The birth of the first child up until surgical delivery took place was protracted. The intracranial haemorrhage was fresh at the time of birth (Fig. 1). One may wonder whether this could have been avoided if the maternal platelet type and antibody level during pregnancy had been known, and a caesarean section had been performed 2 – 3 weeks before term, with compatible platelets available for the child.
The clinical course of fetal/neonatal alloimmune thrombocytopenia is variable, and ranges from a slightly decreased thrombocyte count with spontaneous normalisation, to severe thrombocytopenia with intracranial haemorrhage and neonatal death.

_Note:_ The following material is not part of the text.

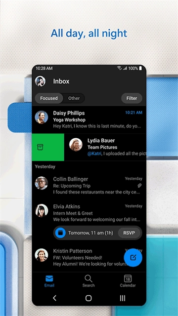 2、邮箱中和发送电子邮件后的数据加密,Outlook昼夜持续工作,帮助保护你的隐私并确保收件箱干净整洁。

A correlation between the maternal antibody level and infant platelet count has been demonstrated in several studies
(7, 9). It has also been shown that antenatal treatment of the mother with intravenous injection of IVIg and steroids can reduce the incidence of cerebral haemorrhage (9, 10).
Approaches in the event of known risk of fetal/neonatal alloimmune thrombocytopenia vary from country to country. In the past, fetal blood testing (platelet counts) and platelet transfusions were performed, but as a general rule this is not done today because the procedure entails a high risk of haemorrhagic complications
(11). In Norway, mothers are rarely treated with IVIg during pregnancy, but we believe this is likely to be recommended in the future as the standard treatment for women who have previously given birth to babies with cerebral haemorrhage induced by fetal/neonatal alloimmune thrombocytopenia. Special monitoring in the later stages of pregnancy should be offered under any circumstances if a woman has given birth to a child with this condition. In our view this follow-up should consist of repeated analyses and quantification of anti-HPA-1a platelet antibodies and a recommendation for an elective caesarian section 2 – 3 weeks before term, with HPA-1bb platelets available (fig 2). Alternatively, platelets from random donors can be combined with intravenous injection of IVIg until HPA-1bb platelets can be procured.
Figure 2 Our proposal for diagnosis, treat-ment and further follow-up in con-nec-tion with fetal/neo-natal alloimmune thrombo-cyto-penia
There is debate in Norway and internationally on screening and prevention and treatment procedures of FNAIT
(12) – (15). In 2008 the Norwegian Directorate of Health appointed a working committee to consider screening for FNAIT. The committee was not in favour of introducing the screening, but recommended further research (16). There are now plans for testing prophylaxis against immunisation (17, 18). The introduction of this prophylaxis will require HPA-1 typing of all pregnant women to identify candidates for treatment. There is also research in progress to neutralise antibodies in mothers who are already immunised (19).
The two cases illustrate that FNAIT is a serious condition that can occur in the first pregnancy, but planning of delivery and neonatal treatment makes no provision for firstborns. Correct neonatal treatment requires knowledge of the diagnosis to prevent or limit complications. Ongoing Norwegian and international studies may lead to a change in the current strategy for detection, follow-up and treatment of FNAIT.
The patient’s family have consented to the publication of the article.